The format of the session embodied the ideas being discussed: Scheffer would speak about feedback loops, deserts, climate systems, and ancient societies. Then Borsboom would pivot into psychology, discussing addiction, gambling, stress, depression, and how mental states reinforce themselves. Just as lakes can shift between being clear and murky, people can drift from ordinary stress to states that are much harder to escape. Conversations cycled between scales: ecosystems to minds, as if they manifested from the same underlying logic.

Then, there would be music.

Not background music; From Denny's guitar and Marten's violin came beautiful, complex improvisation. Genuinely good musical breaks, as evidenced by the number of phones held up to record their performance.

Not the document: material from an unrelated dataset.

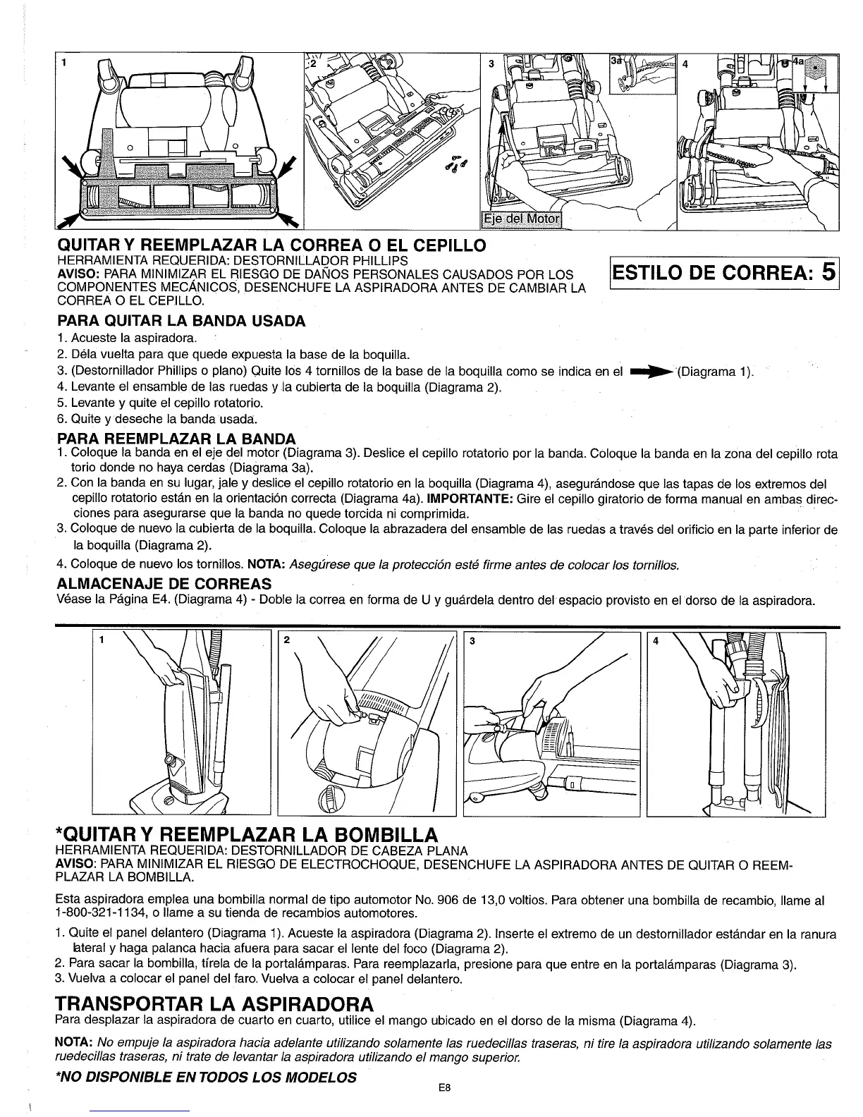 Esta aspiradora emplea una bombilla normal de tipo automotor No. 906 de 13,O voltios. Para obtener una bombilla de recambio, llame al

As the session continued, I wondered whether the music served merely as an analogy or whether it was part of their argument. A recurring theme of the discussion was that complex systems often hide latent structures that are tricky to observe. Musical improvisation seems to exemplify this: Musicians can reach the same harmonic destination through countless paths. While there is freedom and unpredictability, there is hidden order.

That idea echoed throughout the session. Ice ages oscillate. Ecosystems settle into attractors. Human behaviour clusters into patterns. Systems appear stable until they suddenly are not.

A moment that struck me came from Borsboom while discussing tipping points in psychological systems. He offered a poignant example: imagine you are stressed because you have to give a talk. The stress ruins your sleep. Ruined sleep increases stress. The feedback loop begins reinforcing itself.

The audience laughed, as the example clearly came from his lived experience. He was talking about this very talk.

What surprised me was not the example, but the vulnerability of it. In front of us was someone who had spent years developing influential theories about psychological networks and complex systems, openly admitting that he had been stressed about an event that was unfolding beautifully. There was something reassuring about seeing expertise coexist with ordinary human nervousness.

The discussion often revisited resilience: how quickly systems can return to equilibrium after disturbances occur. Systems, ecological and psychological alike, can absorb shocks until, at some critical point, recovery begins to slow. That slowing itself becomes a warning sign.

By the end, I left excited to learn more about the topics discussed in the talk. While theories illuminate reality, they risk tunnel vision: Models never fully capture the world, but can help us understand it. Humans are uniquely positioned to change the environment they inhabit. Financial predictions alter markets, and people meddle with their own biology.

I also left with a copy of The Edge Of Knowing, a nicely designed coffee mug, and a free lunch (really!).

Somewhere between the discussions of catastrophe theory, depression, ancient tree rings, Dali, and music, the talk became an argument not for a simple answer but for intellectual humility.

Or perhaps for paying attention to feedback loops.

Or perhaps for bringing more violins into academia.